The saddle has to be scraped in first to use it as a master. After milling, I scraped it using an 18" straightedge. I measured vertical alignment on the surface plate, and parallelism with a micrometer and some precision ground rods in the slides.
 

Attachments

  • IMG_1654.jpg
    IMG_1654.jpg
    96.6 KB · Views: 92
  • IMG_1667.jpg
    IMG_1667.jpg
    95.7 KB · Views: 88
  • IMG_1913.jpg
    IMG_1913.jpg
    90.6 KB · Views: 87
  • IMG_1934.jpg
    IMG_1934.jpg
    91.2 KB · Views: 86
Your spotting marks are amazingly dark and well-defined - what marking medium do you use?

Dykem High Spot Blue.

Lighting makes a big difference. Sometimes less light is better. I have a gooseneck work lamp on my bench, when spotting I like to flip it up towards the ceiling and turn off all the other lights.
 
I have been researching scraping a little bit lately. I was thinking of giving it a shot on a machine I'm working on. Any recommendations on hand scraping tools ? I've seen the Biax scraper ends, I didn't know if people are using those, and making their own longer attachment for holding it and pressing with their body.

And do you use yellow high lighter in conjunction with the blue ?
 
Very nice work.

What's your most important takeaway from this project?

Lessons learned?

One thing is that it’s really important to cut a relief on the inside corner of the dovetails. There were a couple times I was chasing my tail, the surface wasn’t coming in after many cycles, and it was caused by interference in the corner.

The only mistakes I really regretted were cuts I had made on the mill. Once, the part had distorted a few thou from clamping pressure, I had to scrape a lot to straighten it out. Another time, I had reduced clamping pressure, and the part shifted.
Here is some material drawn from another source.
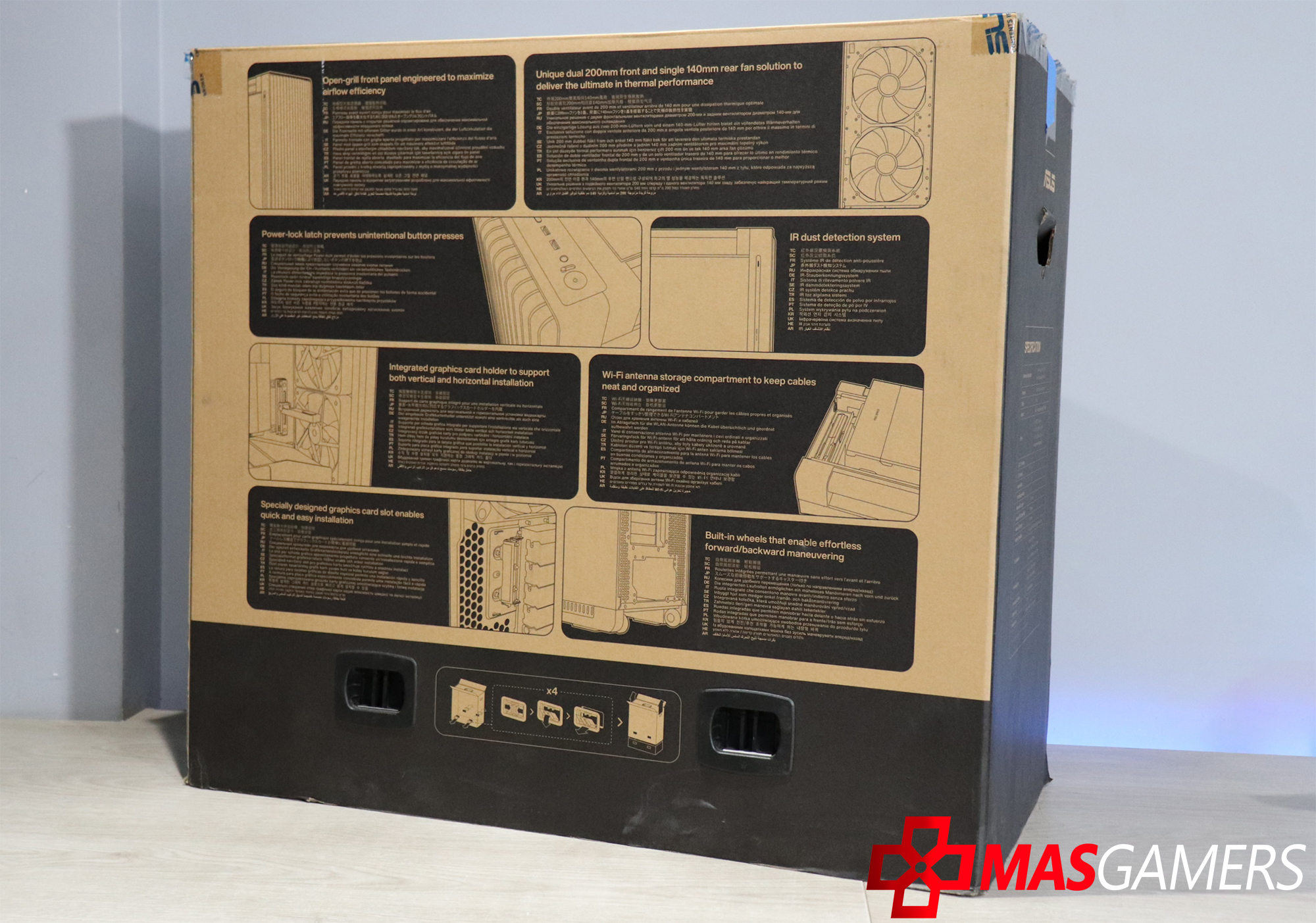 Aquí les dejo un resumen de las especificaciones del case. Para más información les dejo el enlace a la página web de Asus.

Not a huge deal but both times I ended up removing more material than necessary.

This is kind of trivial, but painting the lathe before scraping was a mistake. Everything gets stained blue, and it’s hard to clean off of painted surfaces. I had to respray the chip pan.
 
I have been researching scraping a little bit lately. I was thinking of giving it a shot on a machine I'm working on. Any recommendations on hand scraping tools ? I've seen the Biax scraper ends, I didn't know if people are using those, and making their own longer attachment for holding it and pressing with their body.

And do you use yellow high lighter in conjunction with the blue ?

I’m using a Sandvik, I got it cheap from MSC (the first time those words have ever been written!) You’ll need a few blades and a way to sharpen them. Everyone here loves their Accu-finishes but I’m really happy with my Baldor carbide grinder. I set it up to run those cheap 1200 grit discs and it works great.

No, I haven’t tried the highlighter.